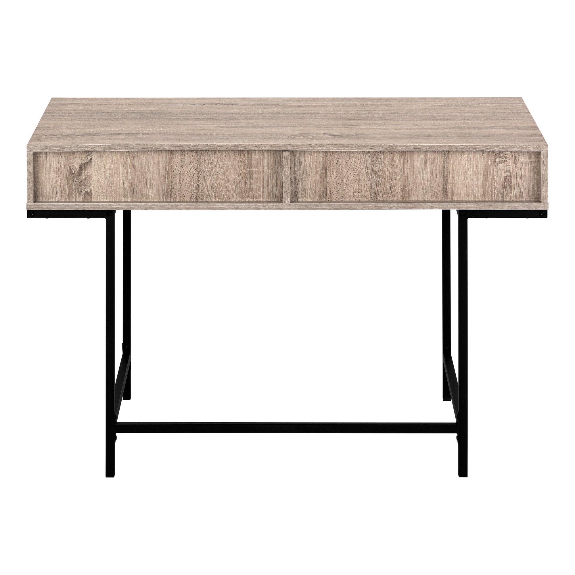 - Metal base in a black finish provides stability and includes slender metal legs that are recessed under the rectangular desktop
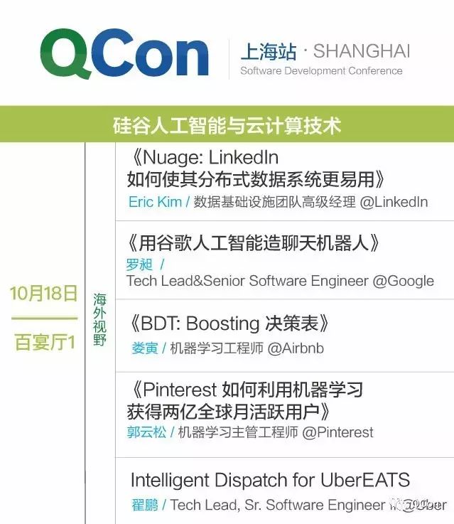 如果以上三天满满干货的日程都无法满足你的学习欲望,那10.15-16两天会前深度培训一定适合你,围绕大数据、机器学习、深度学习、TensorFlow等技术,展开从入门到实践的落地分享。Streamlio核心创始成员翟佳、PayPal大数据研发架构师张彭善已确认加盟。
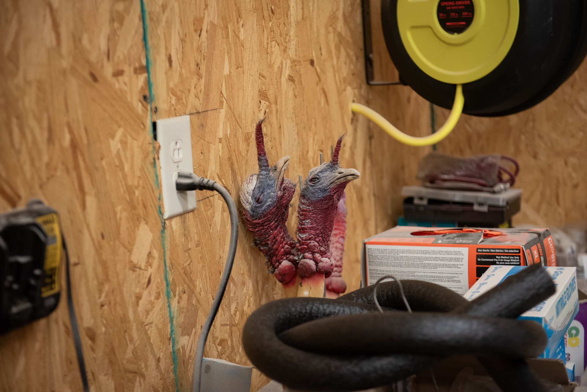Painted turkey heads waiting for their body mounts. They’ve been waiting a while. These are for his personal collection, but the work for clients comes first. (Photo by Allison DeWeese)
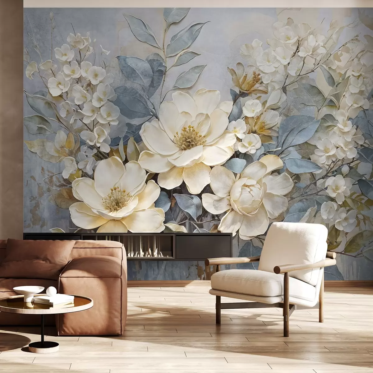 Fototapeten Strukturierte große weiße und blassgelbe Blüten mit graugrünen Blättern vor einem weichen, verschwommenen Hintergrund N° w08404

::::::::::

Activity:
Repeat only the lines from the beginning of the material through the line containing "如果以上三天满满干货的日程都", both ends kept, leaving pictures out.

Worked solution:
 - Metal base in a black finish provides stability and includes slender metal legs that are recessed under the rectangular desktop
 如果以上三天满满干货的日程都无法满足你的学习欲望,那10.15-16两天会前深度培训一定适合你,围绕大数据、机器学习、深度学习、TensorFlow等技术,展开从入门到实践的落地分享。Streamlio核心创始成员翟佳、PayPal大数据研发架构师张彭善已确认加盟。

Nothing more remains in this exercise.